The step 5) comprises the following steps:
5.1) inputting the time sequence visual and auditory characteristics into a full-link layer for further characteristic extraction and integration to obtain 2 characteristic values which respectively correspond to characteristic values of lactation behaviors and non-lactation behaviors;
and 5.2) inputting the feature values of the lactation behaviors and the non-lactation behaviors into a soft maximum classifier, calculating probability values of the lactation behaviors and the non-lactation behaviors corresponding to 2 features, and taking the behavior class to which the probability maximum belongs as a behavior recognition result, thereby realizing the sow lactation behavior recognition.
Compared with the prior art, the invention has the following advantages and beneficial effects:
1. the invention provides an automatic identification method for sow lactation behaviors, so that sow lactation behavior information is obtained, and lactation behavior capability is further analyzed.
2. The invention integrates the video and audio information, and the video and audio information are mutually cooperated and assisted, so that the extracted features are rich and accurate.
3. The invention adopts the video frame sequence, the optical flow sequence and the audio sequence, and analyzes from three aspects of space distribution, time sequence motion and sound respectively, thereby having high identification precision.
4. The invention adopts the appearance-motion double-flow network to fuse the optical flow and the video convolution characteristics, thereby enhancing the visual characteristic expression capability.
5. The invention adopts the long and short term memory network to integrate the visual and auditory characteristics, thereby enhancing the expression ability of the behavior characteristics on the time sequence.
6. In a potential application method, the occurrence time, duration and frequency of the sow lactation behavior within a fixed time are counted, and the method is used for researching the sow lactation behavior rule. The lactation information can be used for predicting the health and welfare conditions of sows and piglets, providing data reference for judging the maternal ability of the sows, further providing decision support for seed selection and feeding management of a pig farm and improving the economic benefit of the pig farm.
7. For behaviors accompanied by specific sounds, the visual and audio multimodal data are fused, so that the method has strong applicability and can be used for researching the behaviors of other animals.
Drawings
FIG. 1 is a schematic overall flow chart of the method of the present invention.
FIG. 2 is a schematic diagram of the method of the present invention.
Fig. 3 is a schematic diagram of the appearance-motion dual-stream network structure.
Detailed Description
The present invention will be further described with reference to the following specific examples.
As shown in fig. 1 and fig. 2, the sow lactation behavior recognition method based on audio and video information fusion provided by the invention realizes recognition of commercial captive sow lactation behaviors based on audio and video multi-modal data, and provides reference for real-time monitoring and analysis of sow lactation behaviors and health states, and comprises the following steps:
1) collecting audio and video data of sows in a lactation period;
specifically, a camera with a recording function is installed right above an actual commercial captive pig house to continuously shoot the daily behavior video and audio of lactating sows. In the embodiment, a Haokwegian DS-2CD3T46FWD V2-I3 high-definition audio camera is adopted to acquire daily behavior video and audio data containing the lactation behavior of the sows.

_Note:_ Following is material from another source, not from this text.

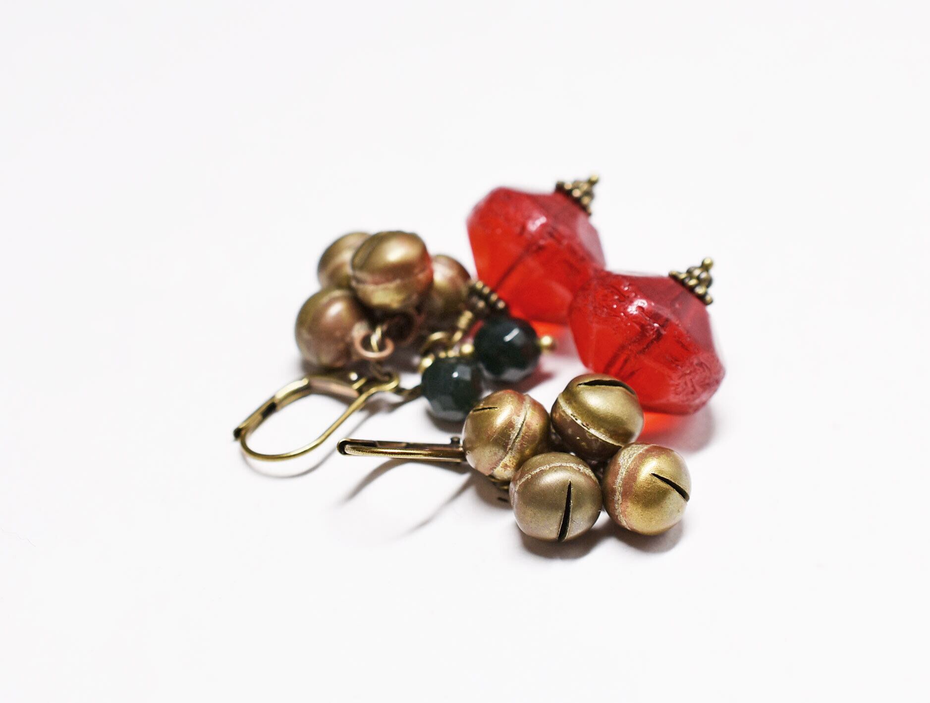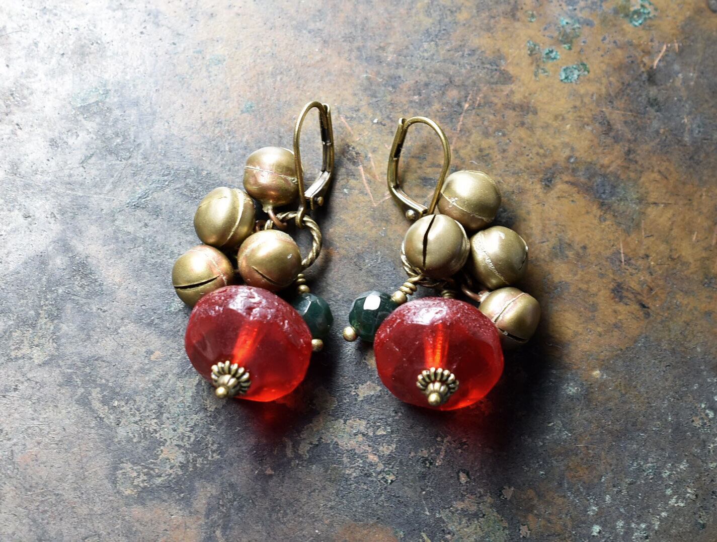 真っ赤な算盤型アンティークボヘミアビーズと鈴、インディアンアゲートのピアス

2) Data preprocessing: firstly, separating out audio and video data, then denoising and framing the audio data, acquiring an audio oscillogram sequence, and finally extracting optical flow from the video data to acquire an optical flow image sequence; the method specifically comprises the following steps:
2.1) separating audio and video of the obtained video and audio data by adopting an audio and video editing and converting tool, and extracting audio data and video pictures;
2.2) because the actual pigling screaming sound, the screaming sound of other pigsties and the noise of machine equipment are noisy, in order to reduce the judgment of the noise on the lactation sound of the sows, the method firstly carries out denoising on the acquired original audio data. The sow can send a humming and snore evoking sound to attract the piglets to suck before suckling, and the piglets are guided to change between massage and sucking through the change of the humming rate, and based on the property, the original audio is filtered by adopting a band-pass filter suitable for the suckling sound of the sow in the embodiment, so that the influence of other noises on the suckling sound is reduced;
2.3) the method is suitable for two-dimensional image input of a convolutional network in the embodiment, the embodiment frames the denoised time sequence audio signal, the frame length is 30ms, the frames are overlapped for 10ms, and the audio signal is converted into an audio oscillogram sequence;
and 2.4) acquiring an optical flow image sequence of the sow to be monitored according to the original image sequence of the sow to be monitored by using an optical flow method, wherein each pixel point in the optical flow image records the motion intensity and direction of the pixel.
3) Inputting the video frame and the optical flow image sequence into a preset appearance-motion double-flow network for feature extraction to obtain visual features, and inputting the audio oscillogram sequence into a preset auditory feature extraction network to obtain auditory features; the specific situation is as follows:
a. inputting a video frame and optical flow image sequence into a preset appearance-motion double-flow network, extracting corresponding appearance-motion characteristics in a video from the video frame and optical flow image sequence through a convolution layer, a down-sampling layer and a full-connection layer of the appearance-motion double-flow network, and outputting a one-dimensional visual characteristic vector;
in this embodiment, a preset appearance-motion dual-flow network structure is shown in fig. 3, where the network structure is composed of an appearance flow and a motion flow, and takes a video frame and an optical flow sequence as input, and then outputs feature maps of the same dimension after passing through 5 layers of convolutional layers and 5 layers of downsampling layers, the two-flow feature maps are fused in a splicing manner and then sent into 2 layers of convolutional layers for further feature extraction and fusion, the fused feature maps are sent into 2 continuous layers of fully-connected layers, and one-dimensional visual features representing appearance and motion are output;
before the video frames and optical flow sequence are input into the appearance-motion dual-flow network structure, the network needs to be trained. As the network only realizes feature extraction, 1 layer of full convolution layer and a soft maximum (softmax) layer are added behind the network for behavior classification before training the network in order to obtain the optimal network parameters of the network. In the training process, the number of output behavior categories of the network is set to be 2, the lactation behaviors and the non-lactation behaviors are represented, an original video frame with lactation behavior marks and a corresponding optical flow image sequence are input into the appearance-motion double-flow network for forward propagation and backward feedback training, and the optimal network parameters of the appearance-motion double-flow network are obtained. The original video frame and the optical flow sequence are input into the convolution, down sampling and full connection layer of the trained appearance-motion double-flow network, and then one-dimensional visual features are output.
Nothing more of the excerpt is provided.